Furthermore, a framework that facilitates implementation of multidimensional indexing along an abstract tree has been proposed (for example, Joseph M. Hellerstein, Jeffrey F. Naughton and Avi Pfeffer. “Generalized Search Trees for Database Systems.”, Proc. 21st Int'l Conf. on Very Large Data Bases, Zürich, September 1995, 562-5730.).
These indexing techniques are based on the concept that a multidimensional space is hierarchically divided to limit the range of searching. This is because limiting the range of searching reduces the amount of calculation accordingly. However, in a high dimensional space, a phenomenon that the distance from a certain point to its nearest point does not differ from the distance from the point to its furthest point occurs. The phenomenon known as “the curse of dimensionality” poses a problem that the range of searching cannot be limited, and as a result, the required amount of calculation approximates the amount for linear searching.
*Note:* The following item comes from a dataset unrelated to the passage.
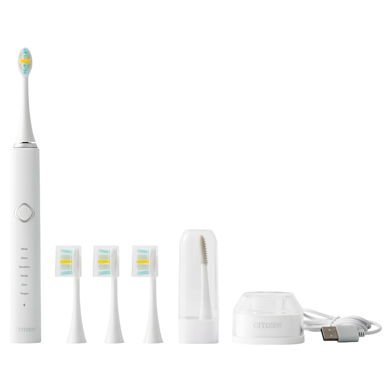 | 付属品 | 充電器台(USBケーブル)・ブラシヘッド4本(歯ブラシ3種・舌ブラシ)・本体用キャップ・ブラシ用ケース付 |

In order to cope with the problem with the high dimensional space, approximate nearest neighbor searching has been studied (for example, Arya, S., Mount, D. M., Netanyahu, N. S., Silverman, R., and Wu, A., “An optimal algorithm for approximate nearest neighbor searching.”, 1994. In Proceedings of the ACM-SIAM symposium on Discrete Algorithms.).
However, the searching system described in the reference can be applied only to a balanced tree, and the searching scheme depends on the framework. Thus, the searching system has a problem that a searching scheme suitable for a given target cannot be selected.
Furthermore, the conventional approximate neighbor searching involves increasing the pruning range to (1+ε) times indiscriminatingly for every node. However, a large subtree (a node having a large number of subordinate points) and a small subtree (a subtree having a small number of subordinate points) differ in importance and search cost.
An object of the present invention is to provide a neighbor searching apparatus that can select an index suitable for each search target.
Another object of the present invention is to optimize the trade-off between the search time and the search accuracy by changing the degree of pruning based on node information (including the size of the bounding region and the number of points in the node).
According to a first aspect of the present invention, a neighbor searching apparatus is proposed. The neighbor searching apparatus comprises: storage means (a storage unit) that stores a meta table containing index-dependent meta data associated with a data structure of each index; database means (a database unit) that searches for an index associated with an instruction when receiving the instruction from a user and makes indexing means (an indexing unit) perform a processing associated with the instruction using the index-dependent meta data associated with the index; and the indexing means that performs the processing associated with the instruction using the index-dependent meta data based on the instruction from the database means.
According to a second aspect of the present invention, a neighbor searching apparatus is proposed. The neighbor searching apparatus is a neighbor searching apparatus that searches for point data that exists in the proximity of a specified query point, and a search region for the query point is determined depending on the number of subordinate points of each node in such a manner that a search range for a node having a larger number of subordinate points is smaller than a search range for a node having a smaller number of subordinate points.
According to the present invention, a neighbor searching apparatus that can select an index suitable for each search target can be provided.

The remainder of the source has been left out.